Reef Loretto

Posted on May 08, 2022Read on Mirror.xyz

Team-building in web3.

Last summer, I joined a small crew with a bold mission: to free music. I was the first non-cofounding engineering hire, tasked with the open-ended challenge of advancing the product, helping to build the engineering team, and leaning in on leadership & strategy where appropriate. I went heads-down on Catalog in October of 2021 and have often found myself so deep in the weeds that it’s been hard to take a step back to reflect upon our progress. In this post, I will attempt to do just that.

I want to first take a moment to celebrate the launch of the Catalog contract that went live on 4/20. This project started in November of 2021 and represents months of collective effort. Brett Henderson (COMPUTER DATA) joined the team that month and hit the ground running, immediately demonstrating strong initiative and autonomy around a mostly-unscoped project: “plz gib contract”. He led the foundational EVM-related efforts around the contract development before the whole team united and swarmed to get it integrated into our product and launched. In a space that moves so quickly, where people often talk about one- or two-week iteration cycles, I think it’s important to explain a bit of the backstory behind this multi-month effort.

By December ‘21, Catalog Engineering had evolved into a small (yet mighty) squad of four full-time engineers: Hvdson, Ryan, Brett, and myself. To ensure we had the time and space to mature into an autonomous, healthy unit, a few immediate things were done:

  • All short-term contractual engineering projects were ended.
  • Our DevOps process matured from one that bottlenecked getting code into production for days to one that enabled shipping on a multi-times-per-day basis. (We fixed shipping.)
  • We took a hard pause on technical recruiting & hiring. This focused bandwidth internally on ensuring the existing team was being set up for success.

Once we took care of this basic organizational housekeeping, it was time to narrow our focus on fine-tuning our product development process. The MVP was built by a co-founding trio in an innovative burst of rapid-fire development. It’s hard to emphasize how important this zero-to-one moment was. While this shoot-from-the-hip style of development worked to get this project off the ground, I was nervous about this propagating as the de facto engineering culture; we had zero test coverage and lots of hard-to-follow dependency chains, which I thought had to be proactively tackled to prevent product reliability and maintenance nightmares down the line.

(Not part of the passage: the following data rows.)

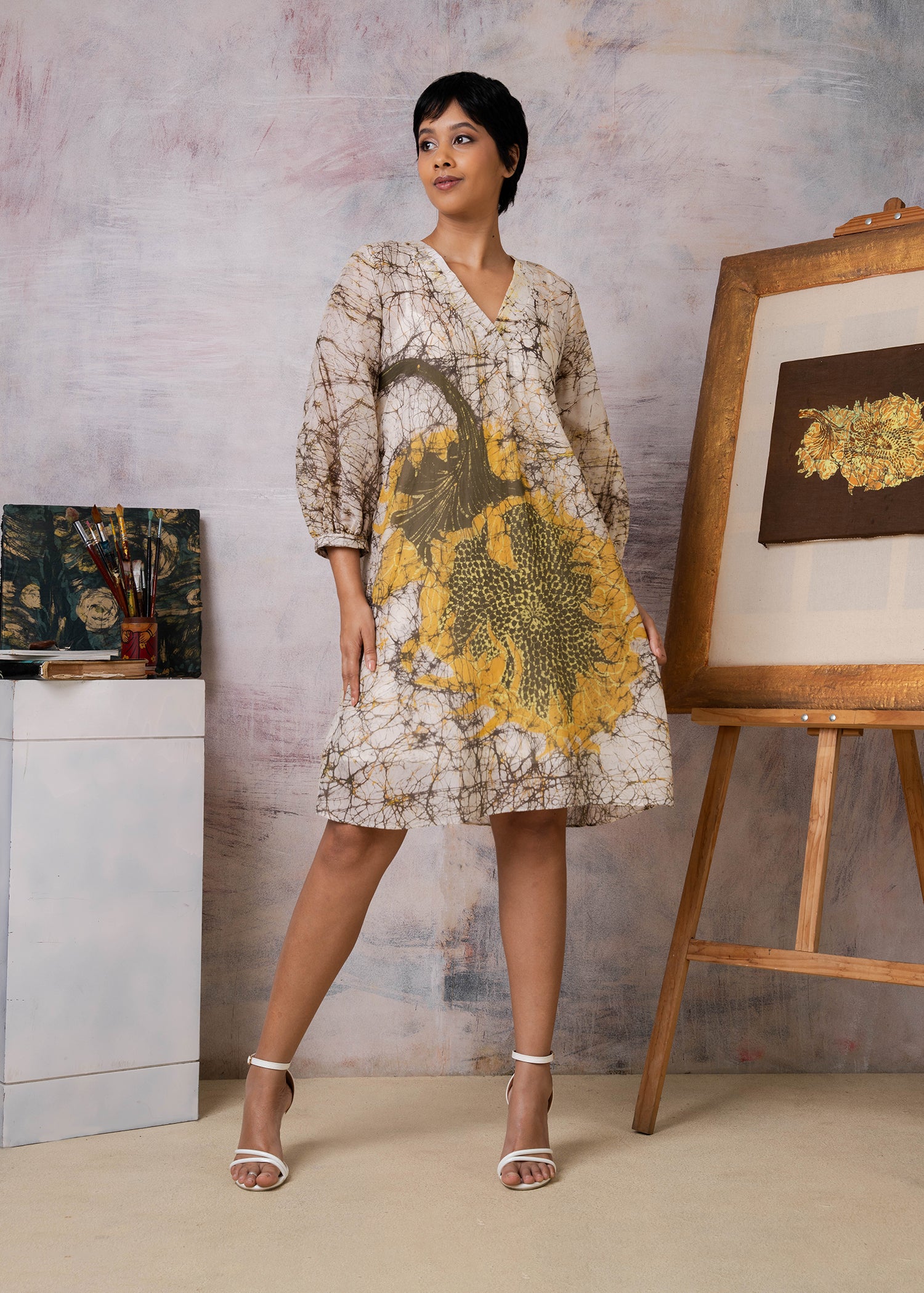 Van Gogh sunflower inspired v- neck puff sleeve dress for Occasion wear. Gives you a classy look.
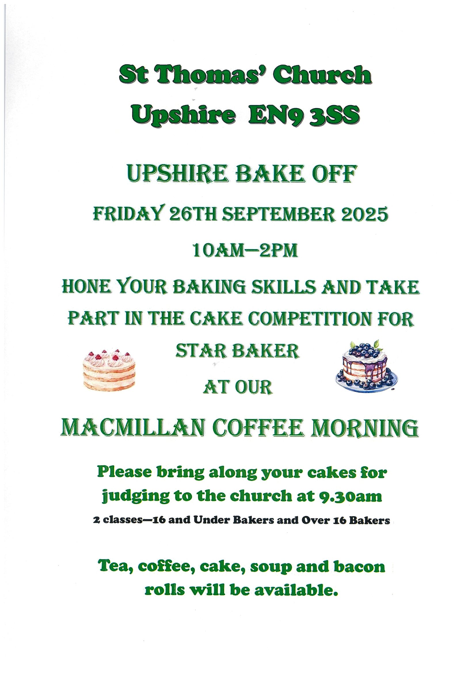 St Thomas' Macmillan coffee And Bake Off Morning- Friday 26th September 2025. 10am-2pm
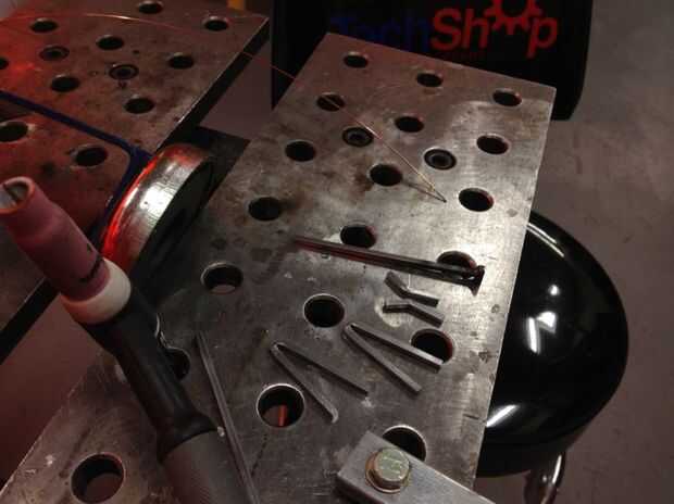 Primero soldó con autógena el pequeño 1/4" piezas a una pieza más grande (que se convertiría en el mango) para hacer la cabeza. (I brevemente

The team debated quite a few different product development styles; we experimented with and quickly abandoned a “traditional” scrum two-week sprint process, which seemed far too heavy and meeting-oriented for our needs. We got close to fully committing to what I called the “Seibel process” which seemed like scrum without the meetings but abandoned that as well after recognizing that it didn’t seem best suited to orchestrate larger, more bold product visions we had in mind. We ultimately aligned on running a trial cycle modeled closely after the one outlined in Basecamp’s Shape Up.

  • We held a single Product<>Engineering meeting at the beginning of the cycle to align on the project’s goals and requirements.
  • Project lanes were established with clear owners.
  • The team set and committed to a deadline.
  • Engineers were left to self-organize and autonomously work towards the project goals.

And then we did it.

To everyone’s credit, we launched on time. This excites me for several reasons:

  • We’ve established precedent for setting internal deadlines and taking them seriously with a newly-formed team.
  • We’ve made tangible progress in establishing an engineering culture that prioritizes each person’s time and trusts individuals as autonomous parts of a larger collective.
  • We have evolved from an “outsource” to an “insource” orientation. We build & own our shit. We don’t contract out one-off tasks. Humans at Catalog are the experts on Catalog, through and through. This is an immensely important point.

I’m incredibly proud of this whole team and what we’re doing. There’s so much more to build, and I’m excited to watch Catalog grow into the best place for music lovers to work in web3.